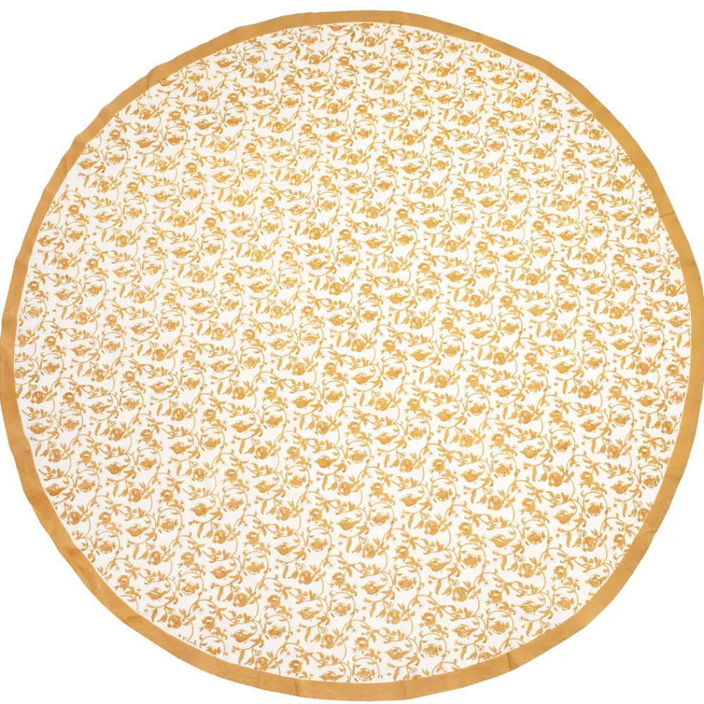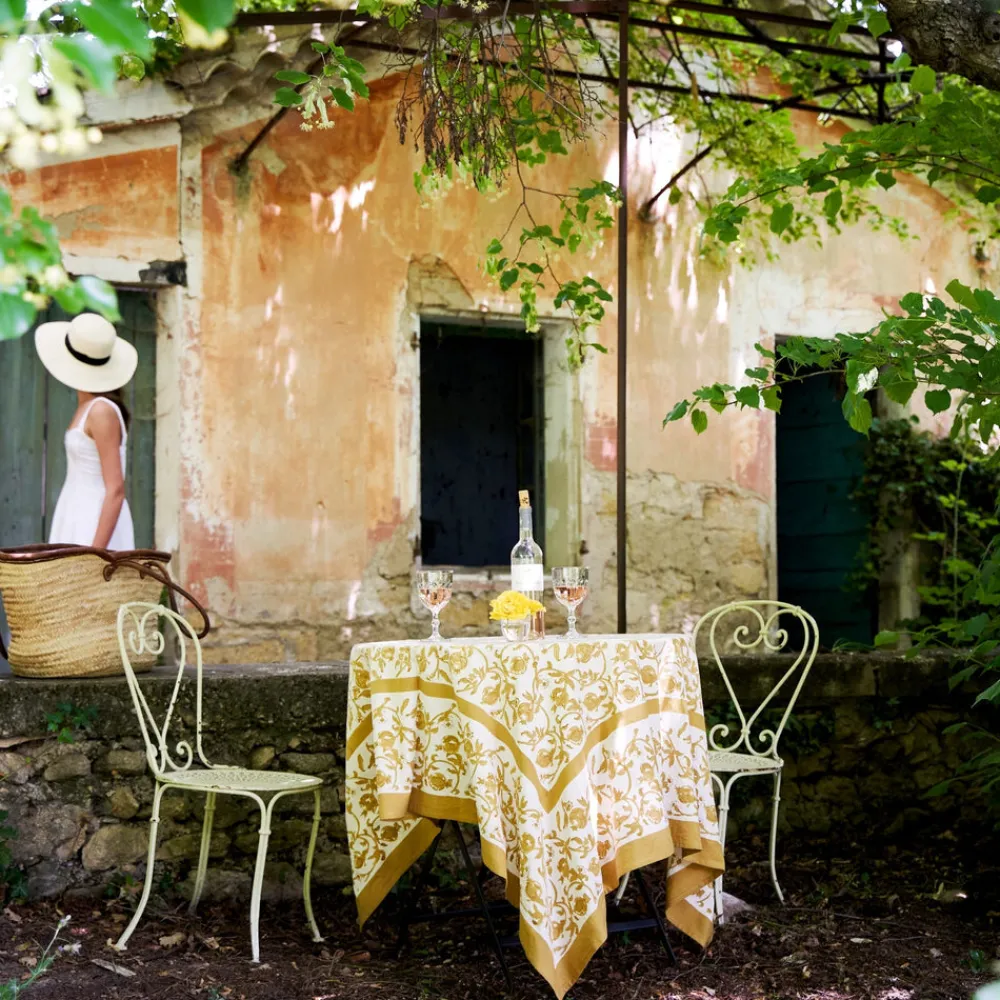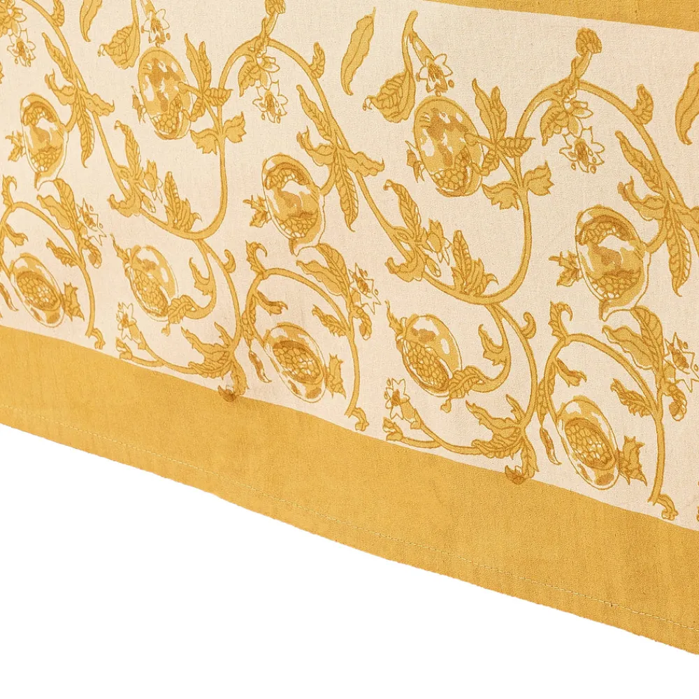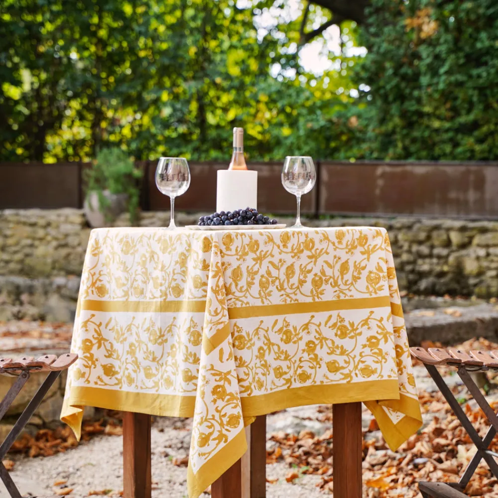 Idyllic landscapes, sumptuous colors, and the vibrant beauty of Southern France describes Couleur Nature. This brand of hand-painted table linens aims to bring a Provençal sense of effortlessness, rich culture, and joie de vivre to your life and home—no matter where you live. The French Tablecloth Granada in Mustard features a delicately Intertwined floral pattern with mustard pomegranates atop a white background. Creating a tranquil mood, this high-quality piece is a must-have for dine-in memories. An elegant addition to any tablescape.
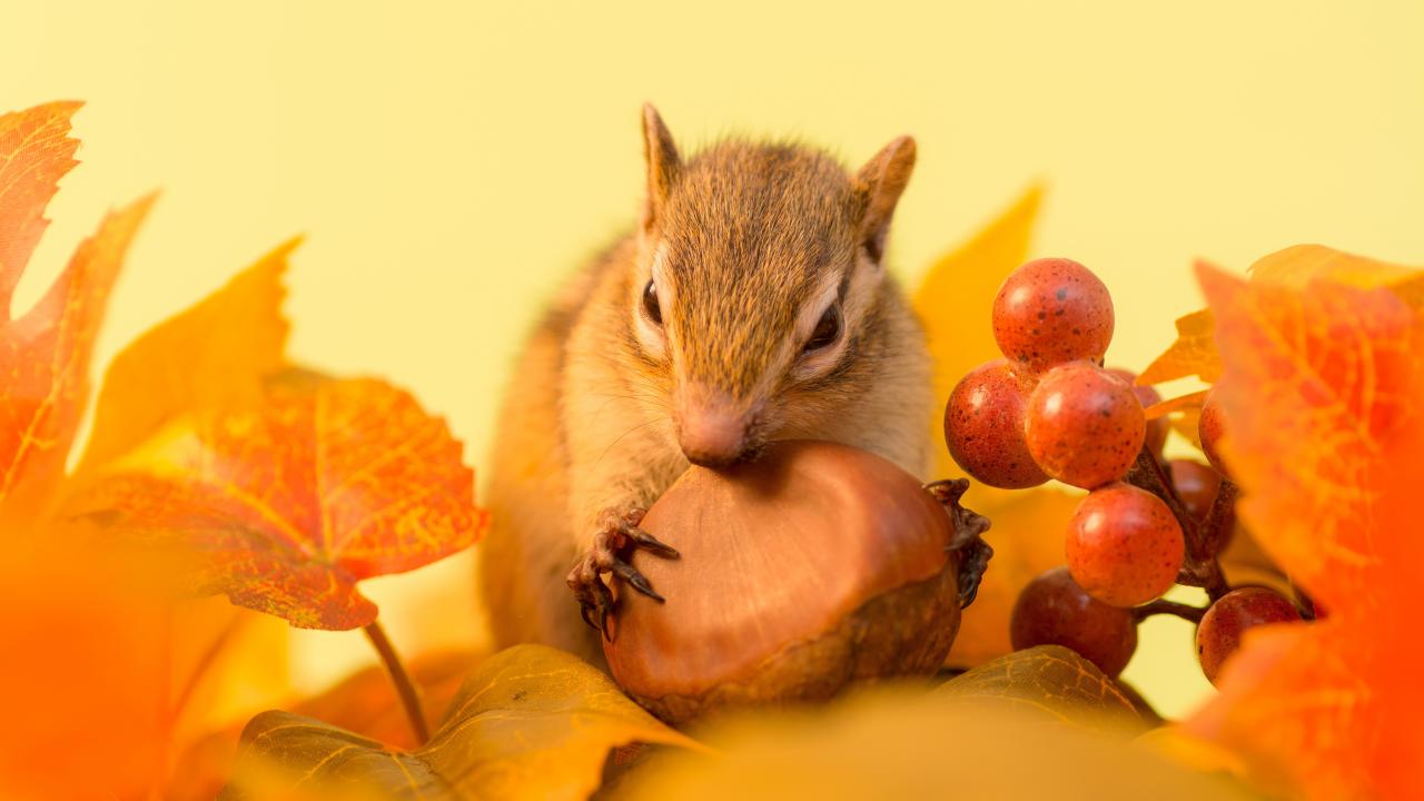 Wallpaper A small red squirrel gnaws a nut in the yellow leaves
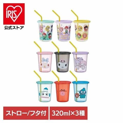 可愛いキャラクターのフタ付きコップ3個セット。
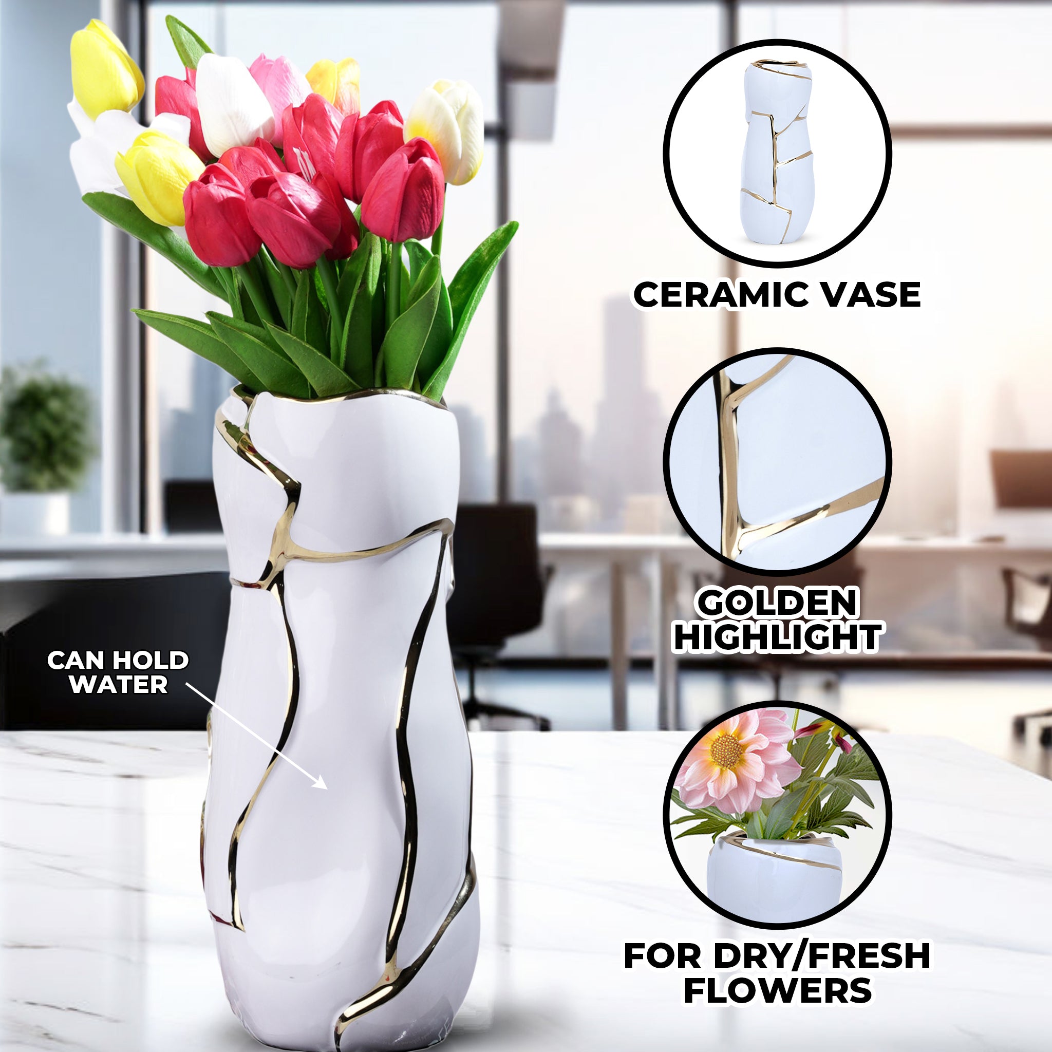 Abstract White Ceramic Golden Lines Vase - Elegant Table Centerpiece For Fresh & Faux Flowers
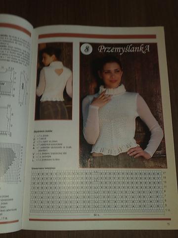 Žurnalas mezgimo mėgėjoms - įvairūs megztukai ir šalikai. Mezgimas virbalais, keletas detalių megztos vąšeliu. Nuotraukos, aprašymai ir atlikimo schemos. Lenkų kalba. 32 psl.
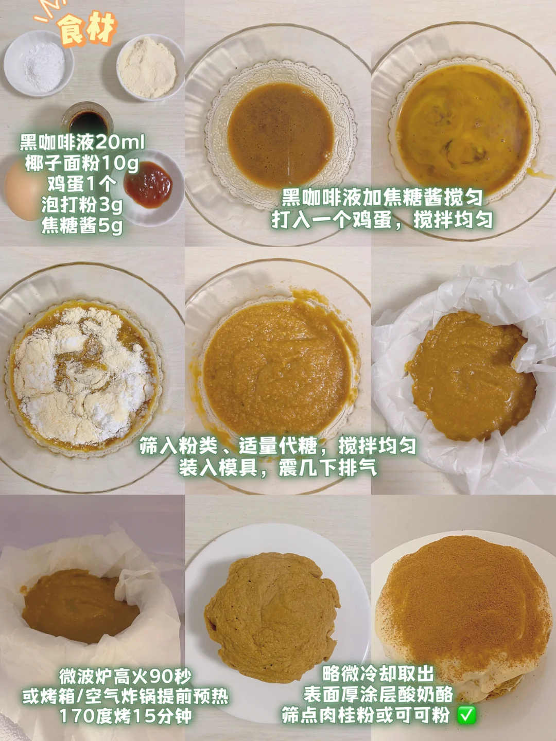 👩🍳微波炉小蛋糕再次上线🙋,今日是焦糖咖啡味的,浓郁且上头,咖啡星人狂喜‼️关键无油无面粉,1人份解馋的量🐴住~
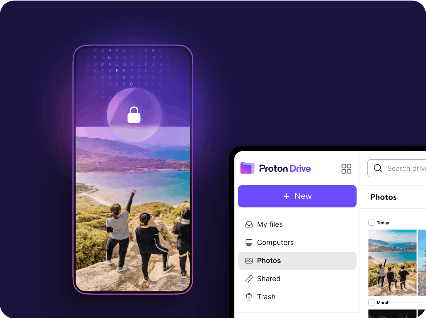 Automatic photo backup on the Proton Drive mobile app protects your most cherished memories by regularly uploading photos to your secure cloud.
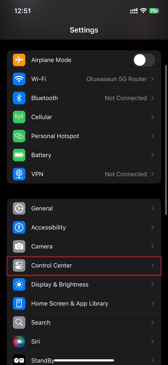 Step 1: Open the Settings app on your iPhone and select "Control Center"
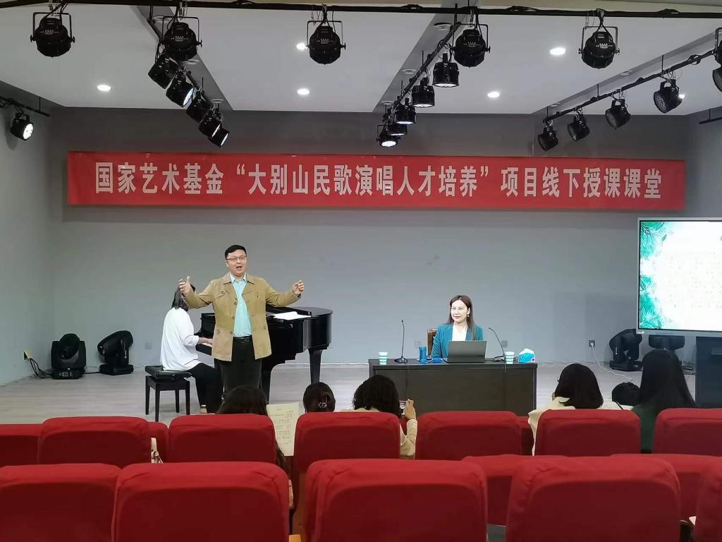 3月14日上午,国家艺术基金“大别山民歌演唱人才培养”线下授课课堂在我校bat365在线中国官网登录入口一楼八音讲堂如期进行。大别山民歌传承人,信阳市民歌研究会副主席李鸣凤应我校邀请,以《豫南田歌》为题进行线下教学。

__________

Leaving out the pictures, output each line above exactly as it is.

 Idyllic landscapes, sumptuous colors, and the vibrant beauty of Southern France describes Couleur Nature. This brand of hand-painted table linens aims to bring a Provençal sense of effortlessness, rich culture, and joie de vivre to your life and home—no matter where you live. The French Tablecloth Granada in Mustard features a delicately Intertwined floral pattern with mustard pomegranates atop a white background. Creating a tranquil mood, this high-quality piece is a must-have for dine-in memories. An elegant addition to any tablescape.
 Wallpaper A small red squirrel gnaws a nut in the yellow leaves
 可愛いキャラクターのフタ付きコップ3個セット。
 Abstract White Ceramic Golden Lines Vase - Elegant Table Centerpiece For Fresh & Faux Flowers
 Žurnalas mezgimo mėgėjoms - įvairūs megztukai ir šalikai. Mezgimas virbalais, keletas detalių megztos vąšeliu. Nuotraukos, aprašymai ir atlikimo schemos. Lenkų kalba. 32 psl.
 👩🍳微波炉小蛋糕再次上线🙋,今日是焦糖咖啡味的,浓郁且上头,咖啡星人狂喜‼️关键无油无面粉,1人份解馋的量🐴住~
 Automatic photo backup on the Proton Drive mobile app protects your most cherished memories by regularly uploading photos to your secure cloud.
 Step 1: Open the Settings app on your iPhone and select "Control Center"
 3月14日上午,国家艺术基金“大别山民歌演唱人才培养”线下授课课堂在我校bat365在线中国官网登录入口一楼八音讲堂如期进行。大别山民歌传承人,信阳市民歌研究会副主席李鸣凤应我校邀请,以《豫南田歌》为题进行线下教学。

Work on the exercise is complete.